= What to do =
From the first line of the listing below, retype each line up to and including the one with "A vintage retro"; pictures stay out.

= Data extract =
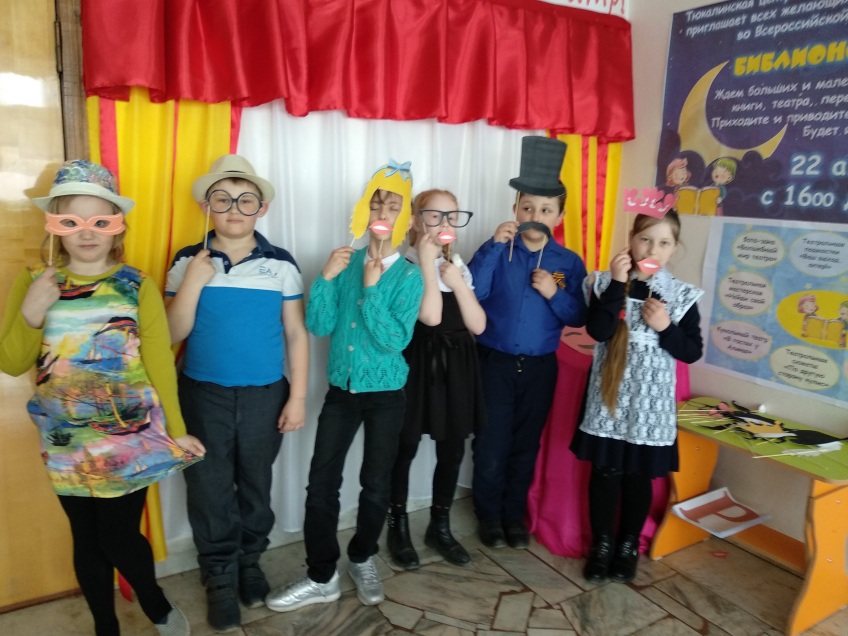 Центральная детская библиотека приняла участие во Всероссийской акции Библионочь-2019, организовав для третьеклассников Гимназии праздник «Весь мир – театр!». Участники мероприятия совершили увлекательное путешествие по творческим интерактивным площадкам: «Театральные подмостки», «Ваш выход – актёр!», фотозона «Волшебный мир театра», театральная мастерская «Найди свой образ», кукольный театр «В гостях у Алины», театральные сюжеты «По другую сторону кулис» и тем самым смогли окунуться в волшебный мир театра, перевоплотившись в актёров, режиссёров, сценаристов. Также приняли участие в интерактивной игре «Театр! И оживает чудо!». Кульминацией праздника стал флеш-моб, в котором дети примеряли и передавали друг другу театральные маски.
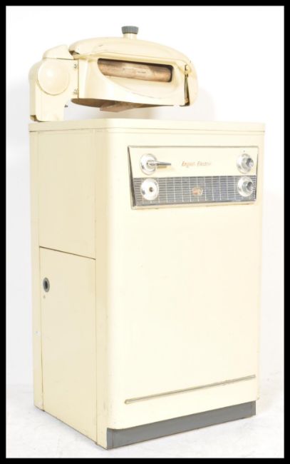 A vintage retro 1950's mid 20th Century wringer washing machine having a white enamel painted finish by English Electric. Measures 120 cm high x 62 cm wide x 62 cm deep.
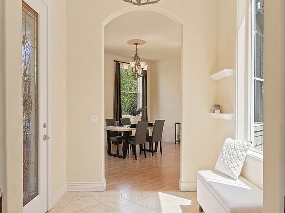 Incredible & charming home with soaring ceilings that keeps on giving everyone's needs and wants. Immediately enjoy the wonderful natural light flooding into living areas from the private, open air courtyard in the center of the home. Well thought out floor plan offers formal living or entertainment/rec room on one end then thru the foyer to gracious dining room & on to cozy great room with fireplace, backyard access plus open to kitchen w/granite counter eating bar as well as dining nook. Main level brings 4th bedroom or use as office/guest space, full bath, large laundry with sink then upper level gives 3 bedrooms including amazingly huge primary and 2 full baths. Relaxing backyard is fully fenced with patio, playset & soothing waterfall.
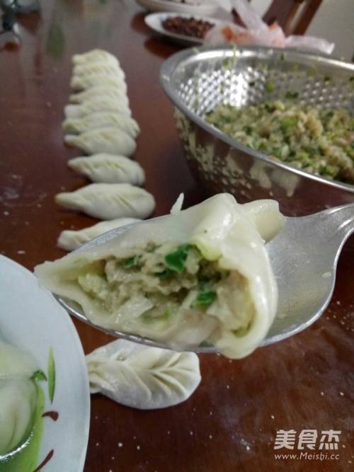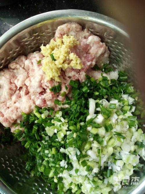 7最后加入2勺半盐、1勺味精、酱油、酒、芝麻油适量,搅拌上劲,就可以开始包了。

= The completed task =
 Центральная детская библиотека приняла участие во Всероссийской акции Библионочь-2019, организовав для третьеклассников Гимназии праздник «Весь мир – театр!». Участники мероприятия совершили увлекательное путешествие по творческим интерактивным площадкам: «Театральные подмостки», «Ваш выход – актёр!», фотозона «Волшебный мир театра», театральная мастерская «Найди свой образ», кукольный театр «В гостях у Алины», театральные сюжеты «По другую сторону кулис» и тем самым смогли окунуться в волшебный мир театра, перевоплотившись в актёров, режиссёров, сценаристов. Также приняли участие в интерактивной игре «Театр! И оживает чудо!». Кульминацией праздника стал флеш-моб, в котором дети примеряли и передавали друг другу театральные маски.
 A vintage retro 1950's mid 20th Century wringer washing machine having a white enamel painted finish by English Electric. Measures 120 cm high x 62 cm wide x 62 cm deep.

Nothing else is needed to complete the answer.